Старая привычка обсуждать и составлять планы тотчас же проснулась во мне. Я сразу представил себе мое возвращение на север и весь драматизм этого положения. Все, что этот человек говорил, показывало, что в партии царит большой беспорядок, но крушения ее еще не было. Если я вернусь туда, моя власть будет сильнее, нежели когда я уехал оттуда. Потом я подумал о своей подруге. Вы понимаете… Как вам сказать? Были известные особенности в наших отношениях – не буду упоминать о них, – которые делали ее присутствие там невозможным. Я должен был оставить ее, я должен был открыто и навсегда отказаться от нее, если бы хотел продолжать свое дело на севере. И он знал это, когда говорил со мной и с ней, – он знал это так же хорошо, как и она: исполнение долга означало сперва разлуку, а потом окончательный разрыв. Эти мысли рассеяли мечту о возвращения на север. Я неожиданно повернулся к моему собеседнику, и он подумал, что его красноречие убедило меня.
«Какое мне теперь дело до всего этого? – сказал я. – Я со всем этим покончил. Не думаете ли вы, что я своим уходом кокетничаю с обществом?»
«Нет, – возразил он, – но…»
«Отчего же вы меня не оставите в покое? Я со всем этим уже покончил. Я теперь только частное лицо!
«Да, – ответил он. – Но подумали ли вы… Эти толки о войне, эти тревожные слухи, эти ярые нападки…»
Я встал.
«Нет! – воскликнул я. – Я не хочу вас больше слушать. Я все принял во внимание, все взвесил. – и я удалился».
Казалось, он собирается настаивать. Он посмотрел на меня, потом на наблюдавшую за нами мою подругу.
«Война», – повторил он, как бы говоря сам с собой, затем медленно повернулся и пошел прочь.

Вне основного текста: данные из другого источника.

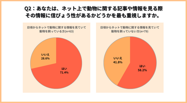 『Q2:あなたは、ネット上で動物に関する記事や情報を見る際、その情報に信ぴょう性があるかどうかを最も重視しますか。』と質問したところ、動物を飼っている方も飼っていない方も半数以上が信ぴょう性を最重視すると回答しました。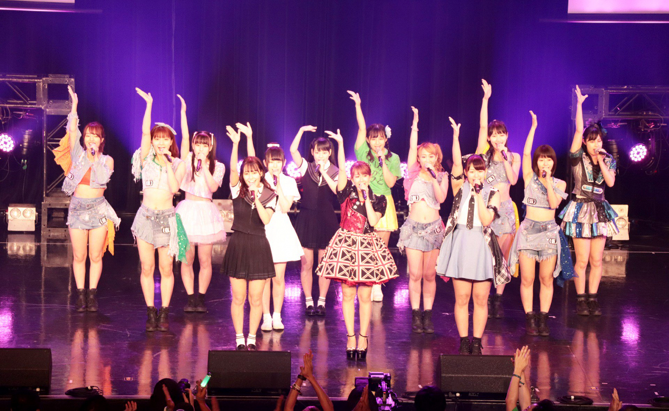 ステージ後半では、℃-ute大好きアイドル達がHOT STAGEに大集合。この日だけのコラボチームで℃-ute曲「大きな愛でもてなして」「世界一HAPPYな女の子」をカバーした。曲後には憧れの℃-ute曲を岡井と共演できたことに感極まるコラボメンバーの姿も。

Я стоял, погруженный в вихрь мыслей, вызванных его призывом.
Тогда прозвучал ее голос.
«Дорогой мой, – сказала она, – если ты им необходим…» Она не закончила и остановилась.
Я взглянул на ее милое лицо, настроение мое поколебалось и упало.
«Я им нужен только затем, чтобы сделать то, что они сами не решаются сделать, – возразил я. – Если они не доверяют Ившэму, пусть сами устраиваются с ним как хотят».
Она посмотрела на меня с сомнением.
«Но война…» – возразила она. Я заметил сомнение на ее лице, появлявшееся уже и раньше, – сомнение во мне и в себе: первая тень такого сомнения, строго говоря, уже должна была разъединить нас навсегда.
Я был старше и без труда мог убедить ее в том или ином.
«Дорогая, – начал я, – не смущайся случившимся. Никакой войны не будет. Время войн прошло. Верь мне, что я знаю положение дел. Они не имеют права на меня, дорогая, и никто не имеет права на меня. Я был свободен в выборе жизни, и я сделал свой выбор».
«Но война…» – повторила она,
Я сел рядом с ней, обнял ее одной рукой, а другой взял ее за руку. Я решил рассеять ее сомнения, хотел развеселить ее. Я стал обманывать ее и вместе с тем обманывал и себя. А она слишком охотно верила мне, слишком готова была забыть обо всем.